(Excerpts from a dataset)
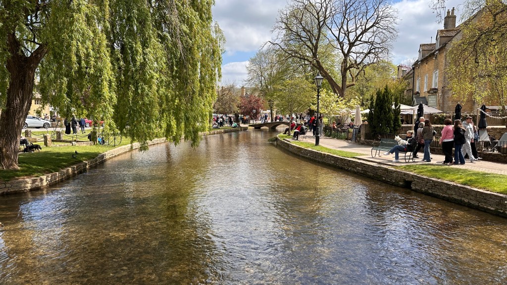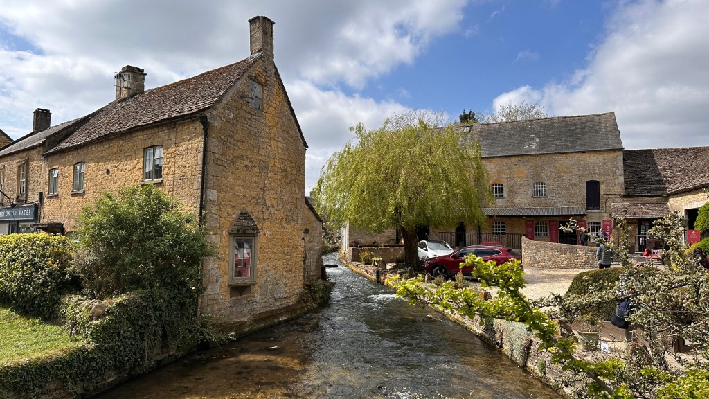 We arrived in Bourton-on-the-Water to find the place teeming with visitors. Since this isn’t the tourist season yet, I can only imagine how crowded it must get when it is. The village is called “Venice of the Cotswolds” because it has five bridges crossing the river. We found a little tea room to have lunch and then went our separate ways.
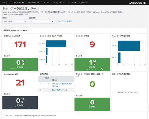 このダッシュボードでは、まずネットワークの「健全性」を確認します。今、ネットワークで障害は起きているのか、起きているのであれば、その状況は以前と比べて増えているのか、減っているのか……といったことを把握します。
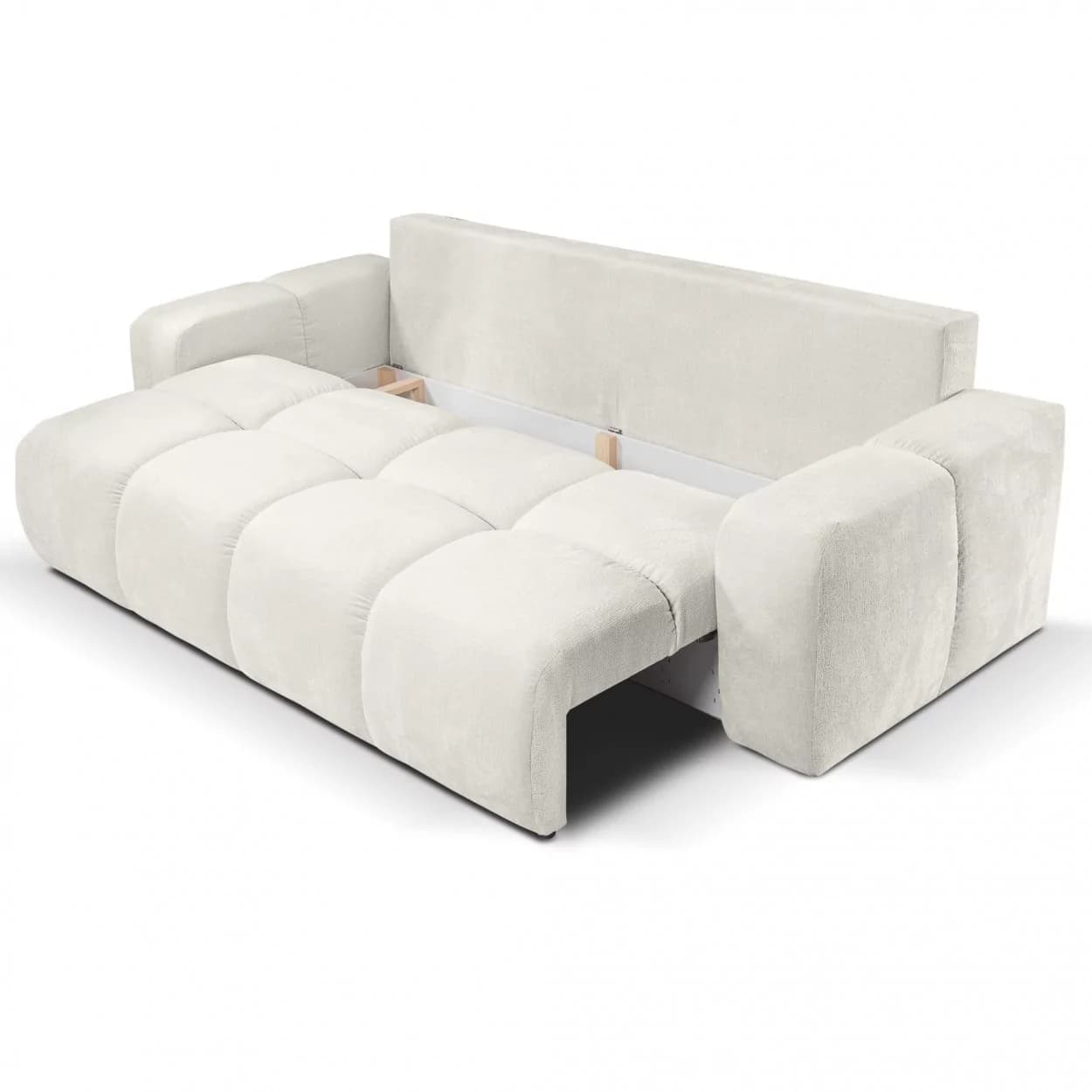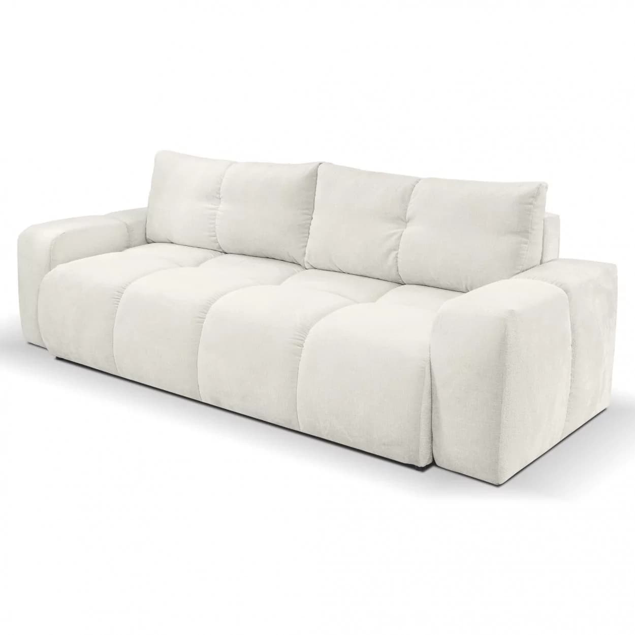 Kanapa SELLA to połączenie eleganckiego stylu glamour i praktycznych funkcji. Funkcja spania, pojemnik na pościel oraz obłe kształty i dekoracyjne przeszycia czynią ją zarówno komfortową, jak i efektowną ozdobą wnętrza.
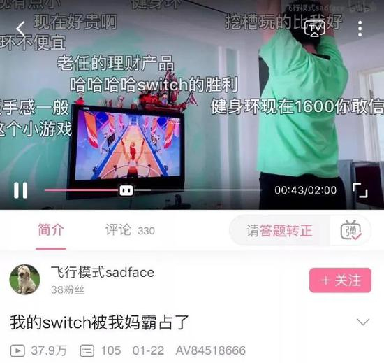 有网友录下了自己妈妈玩《健身环大冒险》的视频,弹幕里都是哈哈哈哈。人们七嘴八舌地吐槽着“理财产品”的天价,一面惊呼“阿姨玩得比我还好”。而视频作者,只打下一句简短的标题——我的Switch被我妈霸占了。不满的语气下,是对趣味宅家生活的暗暗炫耀。
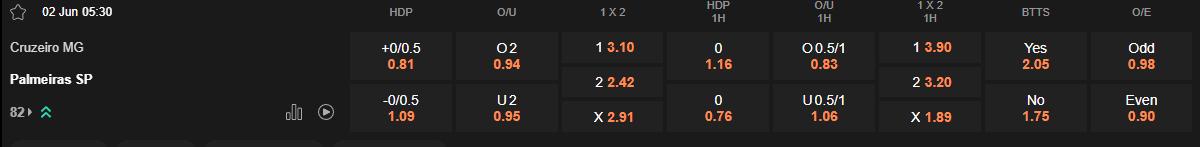 Tỷ lệ kèo Cruzeiro vs Palmeiras
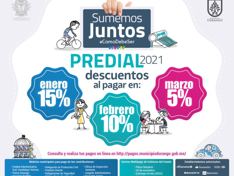 "En el 2021 seguiremos avanzando: Aispuro"El Gobierno Municipal, lanza la campaña a petición de Jorge Alejandro Salum del Palacio, en su calidad de Presidente Municipal denominada “Sumemos Juntos”, que inicia este primero de enero al 31 de marzo del 2021, con la finalidad de incentivar el pago del Impuesto Predial de este año, otorgando para ello descuentos en el pago por anualidad. Esta campaña ofrece descuentos del 15, 10 y 5 por ciento durante los meses de enero, febrero y…
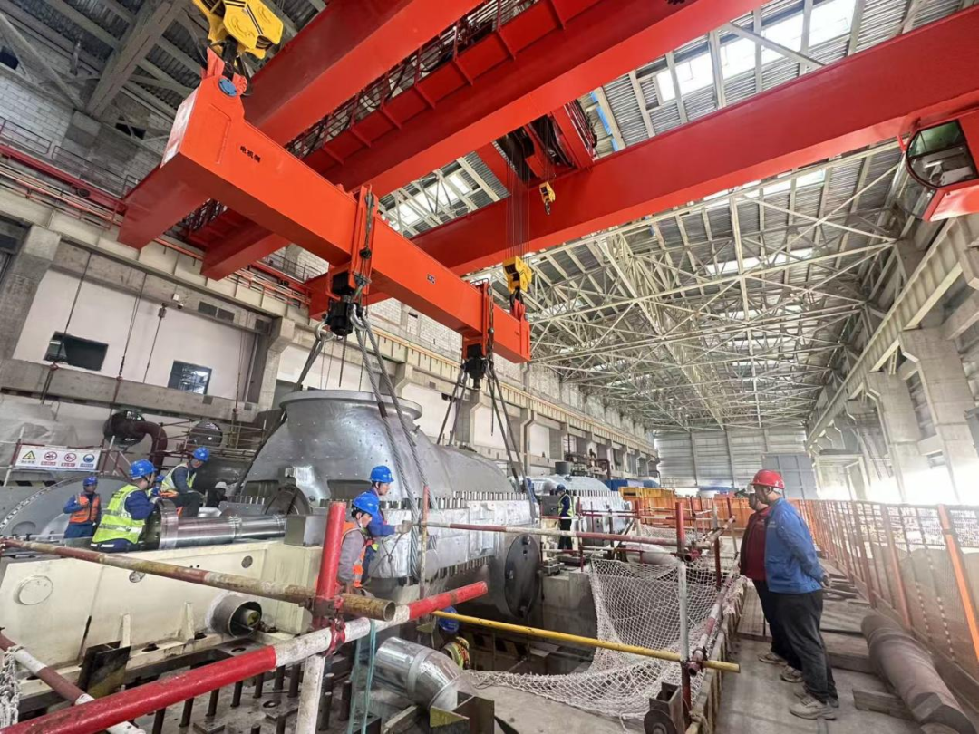 当日16时22分,3号机组汽轮机高压缸、中压缸模块在精密控制下精准吊装就位。此次吊装的汽轮机核心动力单元由东方汽轮机有限公司定制供货,高压缸模块重180吨,中压缸模块重210吨,其超大吨位对吊装作业的技术与安全管控提出极高要求。
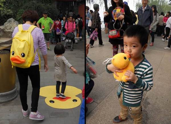 Gele rugzakken in de vorm van de eend zie je ineens overal in Beijing opduiken. En pluchen eenden zoals het jongetje op onderstaande foto heeft, worden niet alleen in het Zomerpaleis maar op alle straathoeken verkocht.
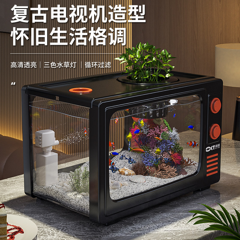 天猫鱼缸客厅2025新款造景摆件过滤制氧一体机网红创意复古电视小鱼缸
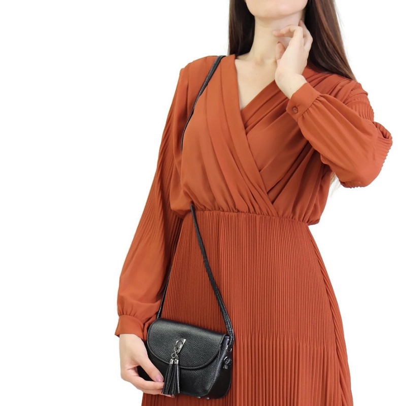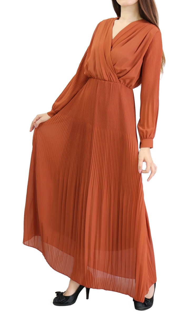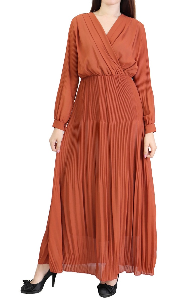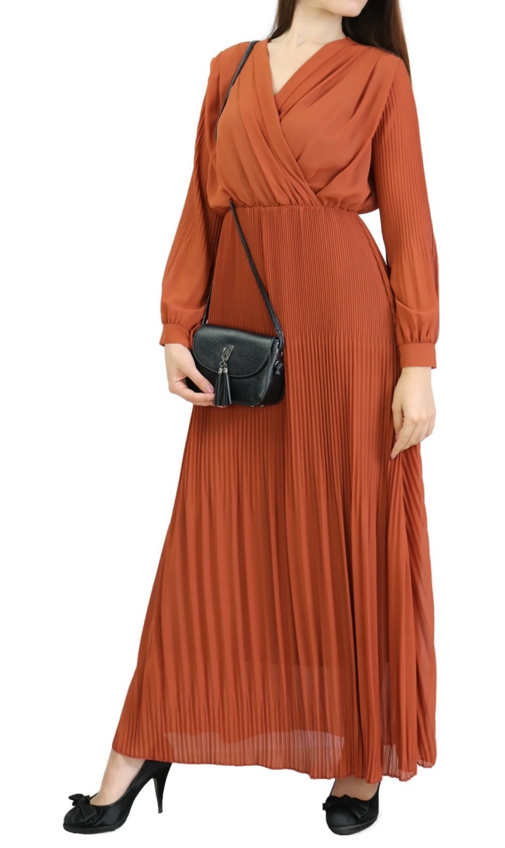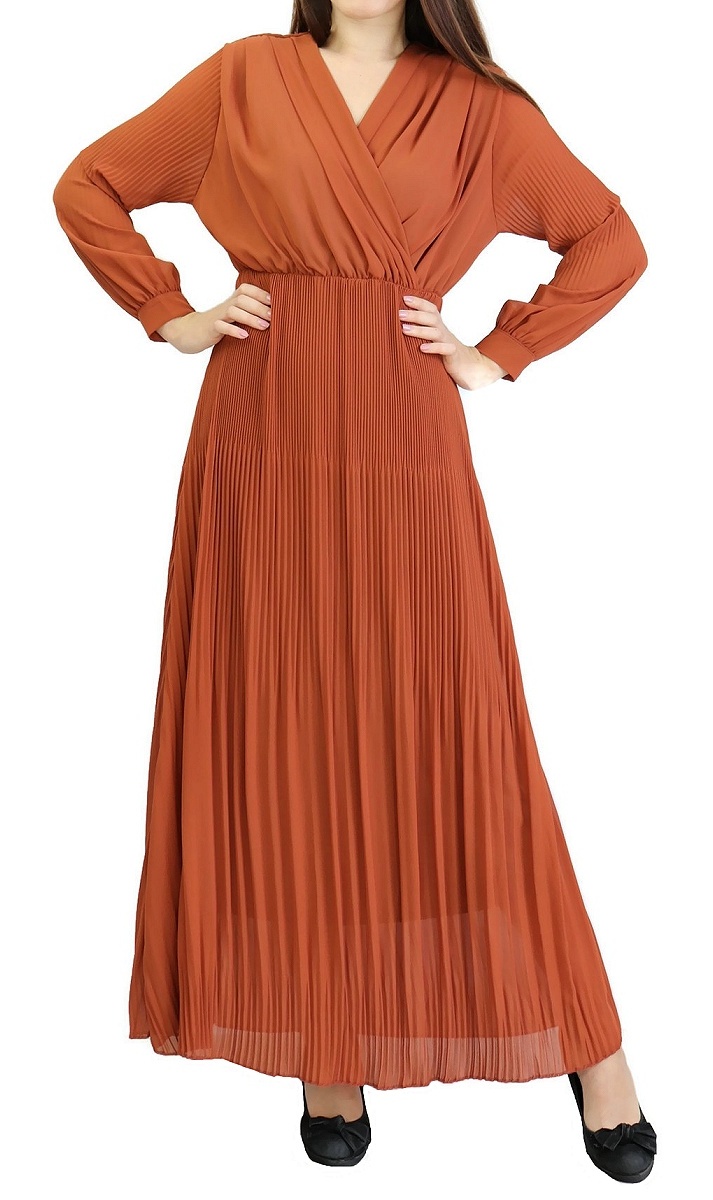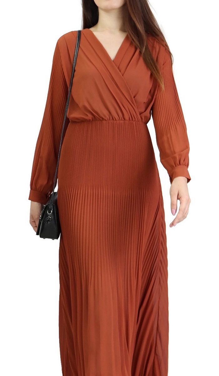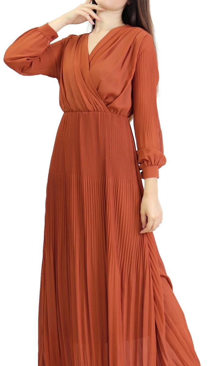 Robe longue cache-coeur plissée avec doublure - Couleur rouille Vetement & Accessoire

Work to be completed
Restate all entries exactly; pictures stay out.

Output for this exercise
 We arrived in Bourton-on-the-Water to find the place teeming with visitors. Since this isn’t the tourist season yet, I can only imagine how crowded it must get when it is. The village is called “Venice of the Cotswolds” because it has five bridges crossing the river. We found a little tea room to have lunch and then went our separate ways.
 このダッシュボードでは、まずネットワークの「健全性」を確認します。今、ネットワークで障害は起きているのか、起きているのであれば、その状況は以前と比べて増えているのか、減っているのか……といったことを把握します。
 Kanapa SELLA to połączenie eleganckiego stylu glamour i praktycznych funkcji. Funkcja spania, pojemnik na pościel oraz obłe kształty i dekoracyjne przeszycia czynią ją zarówno komfortową, jak i efektowną ozdobą wnętrza.
 有网友录下了自己妈妈玩《健身环大冒险》的视频,弹幕里都是哈哈哈哈。人们七嘴八舌地吐槽着“理财产品”的天价,一面惊呼“阿姨玩得比我还好”。而视频作者,只打下一句简短的标题——我的Switch被我妈霸占了。不满的语气下,是对趣味宅家生活的暗暗炫耀。
 Tỷ lệ kèo Cruzeiro vs Palmeiras
 "En el 2021 seguiremos avanzando: Aispuro"El Gobierno Municipal, lanza la campaña a petición de Jorge Alejandro Salum del Palacio, en su calidad de Presidente Municipal denominada “Sumemos Juntos”, que inicia este primero de enero al 31 de marzo del 2021, con la finalidad de incentivar el pago del Impuesto Predial de este año, otorgando para ello descuentos en el pago por anualidad. Esta campaña ofrece descuentos del 15, 10 y 5 por ciento durante los meses de enero, febrero y…
 当日16时22分,3号机组汽轮机高压缸、中压缸模块在精密控制下精准吊装就位。此次吊装的汽轮机核心动力单元由东方汽轮机有限公司定制供货,高压缸模块重180吨,中压缸模块重210吨,其超大吨位对吊装作业的技术与安全管控提出极高要求。
 Gele rugzakken in de vorm van de eend zie je ineens overal in Beijing opduiken. En pluchen eenden zoals het jongetje op onderstaande foto heeft, worden niet alleen in het Zomerpaleis maar op alle straathoeken verkocht.
 天猫鱼缸客厅2025新款造景摆件过滤制氧一体机网红创意复古电视小鱼缸
 Robe longue cache-coeur plissée avec doublure - Couleur rouille Vetement & Accessoire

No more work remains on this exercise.